INFORMATION GIVEN ▸
>>>

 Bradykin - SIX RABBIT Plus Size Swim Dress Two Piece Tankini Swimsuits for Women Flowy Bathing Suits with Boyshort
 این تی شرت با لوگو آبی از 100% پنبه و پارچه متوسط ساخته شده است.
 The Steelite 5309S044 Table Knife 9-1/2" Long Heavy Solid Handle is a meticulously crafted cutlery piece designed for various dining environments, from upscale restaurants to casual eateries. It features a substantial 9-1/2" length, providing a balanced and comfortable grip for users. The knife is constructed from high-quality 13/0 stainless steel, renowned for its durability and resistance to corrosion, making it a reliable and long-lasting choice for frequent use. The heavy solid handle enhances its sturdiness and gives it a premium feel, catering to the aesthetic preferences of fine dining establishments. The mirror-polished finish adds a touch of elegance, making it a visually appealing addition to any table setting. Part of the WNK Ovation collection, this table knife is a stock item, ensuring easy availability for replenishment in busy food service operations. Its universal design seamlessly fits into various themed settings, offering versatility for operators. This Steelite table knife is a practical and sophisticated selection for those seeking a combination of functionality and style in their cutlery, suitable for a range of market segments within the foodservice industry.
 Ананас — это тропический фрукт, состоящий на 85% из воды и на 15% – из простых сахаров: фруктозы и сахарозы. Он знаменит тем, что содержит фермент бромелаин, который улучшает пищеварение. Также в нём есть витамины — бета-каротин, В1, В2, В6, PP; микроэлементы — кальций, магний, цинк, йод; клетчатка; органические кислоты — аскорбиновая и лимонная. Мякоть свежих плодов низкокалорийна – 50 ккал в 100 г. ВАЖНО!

<<<
>>>

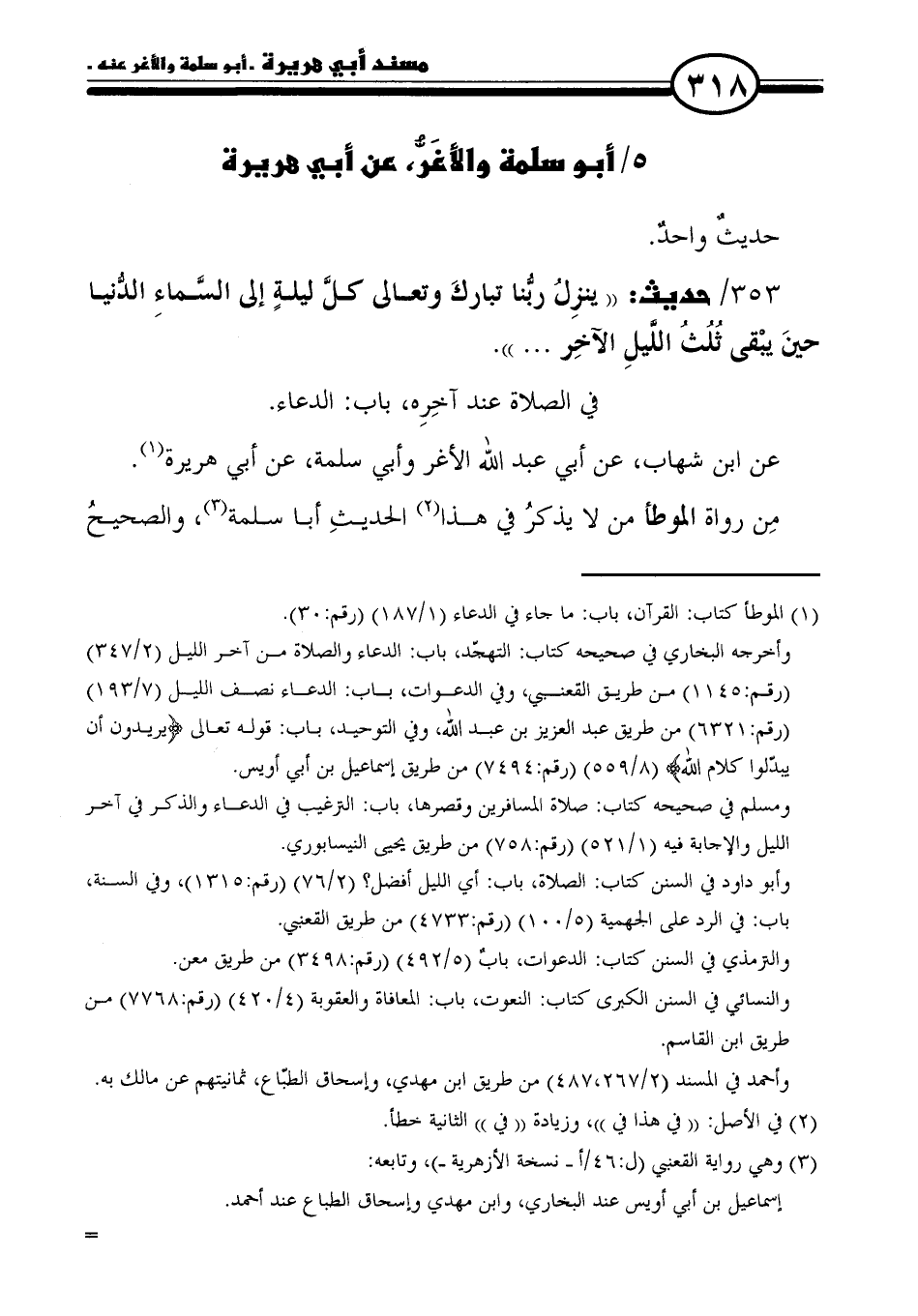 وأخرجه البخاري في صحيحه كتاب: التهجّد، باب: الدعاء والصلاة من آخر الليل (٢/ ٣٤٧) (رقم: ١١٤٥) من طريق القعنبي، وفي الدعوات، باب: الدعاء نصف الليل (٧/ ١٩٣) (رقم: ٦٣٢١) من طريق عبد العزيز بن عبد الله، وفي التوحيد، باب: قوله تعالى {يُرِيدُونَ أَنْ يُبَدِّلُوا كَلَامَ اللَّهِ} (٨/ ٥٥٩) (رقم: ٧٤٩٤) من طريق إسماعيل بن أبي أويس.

<<<
>>>

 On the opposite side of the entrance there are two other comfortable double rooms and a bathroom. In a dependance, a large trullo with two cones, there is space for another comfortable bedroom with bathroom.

<<<

The range runs from the line with "Bradykin - SIX" up to and including the line with "این تی شرت با" in the listing above; please write out exactly those lines and nothing more.

YOUR RESPONSE ▸
 Bradykin - SIX RABBIT Plus Size Swim Dress Two Piece Tankini Swimsuits for Women Flowy Bathing Suits with Boyshort
 این تی شرت با لوگو آبی از 100% پنبه و پارچه متوسط ساخته شده است.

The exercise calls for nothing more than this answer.